Chapter 166: Silent storm
The dawn broke pale and gray over the Dorne family estate, as if the sky itself mourned something that hadn’t yet been spoken aloud. A chill wind blew in from the northern hills, brushing over the narrow, misty roads of the marshland and creeping through the worn bricks and stone gates of the estate.
We had been here for three days.
And in those three days, I had seen more silent glances, more half-said words, and more grim-faced retainers than I cared to count.
Felix, unsurprisingly, had said little since our arrival.
He guided us through the halls of his ancestral home like a ghost returning to a haunted house—familiar, yet ill at ease. Whenever he looked at the crests carved into the walls or the old portraits staring down from their frames, a flicker of something would pass through his eyes. Not nostalgia. Something heavier.
I didn’t pry.

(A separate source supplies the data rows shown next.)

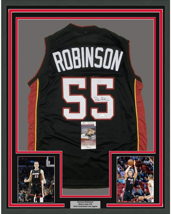 Framed Autographed/Signed Duncan Robinson 35x39 Miami Black Basketball Jersey JSA COA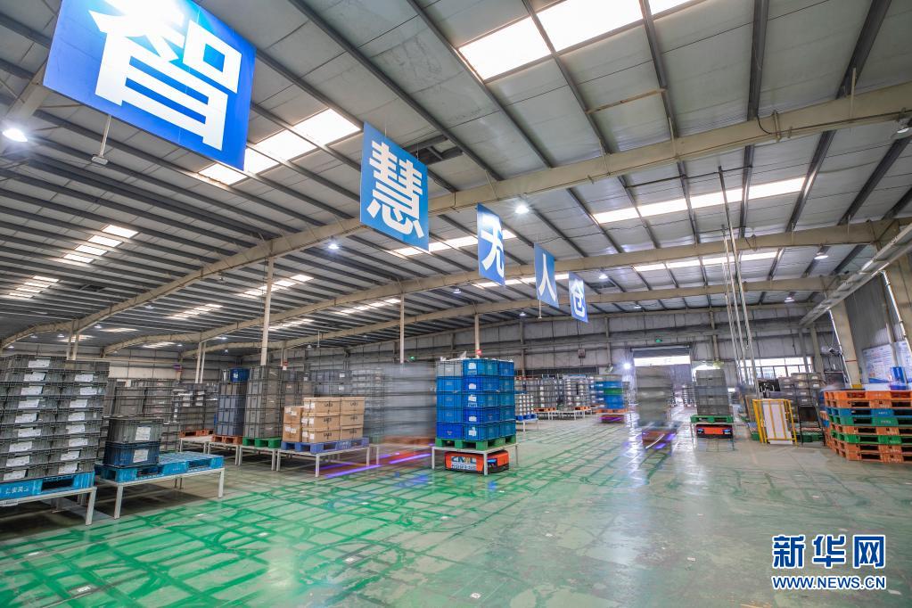4月1日,在重庆长安民生物流股份有限公司,仓储搬运机器人在无人仓中搬运汽车零部件。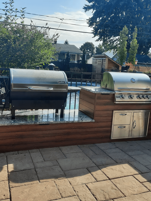 Offrez-vous le cachet du bois et la tranquillité d’esprit de l’aluminium, dans une cuisine extérieure conçue pour durer.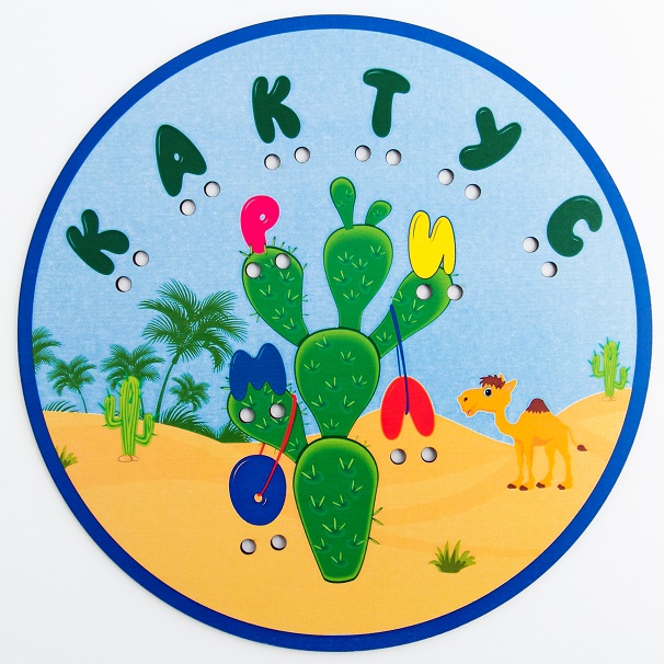 Деревянная панель с изображением пустынного пейзажа и кактуса в верхней части надпись КАКТУС. У каждой буквы по два отверстия. Шнурок.

Not yet.
Instead, I did what any responsible instructor-slash-temporary babysitter would do: I kept the rest of Class C from burning the place down.

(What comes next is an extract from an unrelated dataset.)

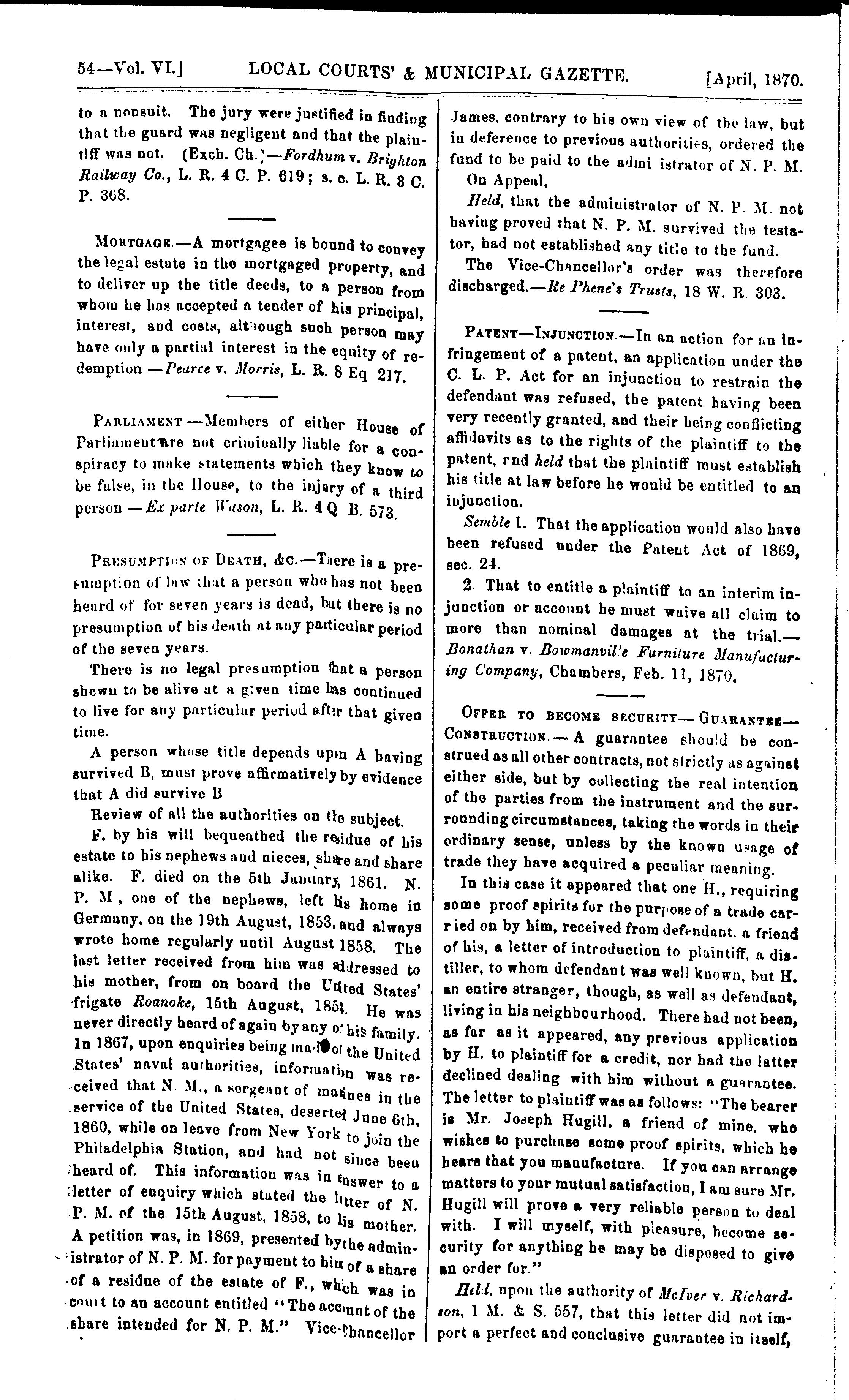 The local courts' and municipal gazette : [Vol. 6 (Apr. 1870)]

Julien had tried to duel a suit of armor that he claimed "disrespected his aura." Wallace had gotten lost in the cellar and almost died of boredom. Garrick mistook a decorative spear rack for an enemy ambush and punched a sconce off the wall. Mira and Cassandra kept themselves relatively tame—the former by locking herself in the guest library, and the latter by silently haunting the misty courtyards like a well-dressed ghost.
But Felix? He spent most of his time alone. Or pretending he was.
So when he finally came to me that morning with the expression of someone about to perform emotional surgery without anesthesia, I set down my tea and gave him my full attention.
"Professor," he said, hands clenched at his sides, voice taut. "There’s something I need to show you."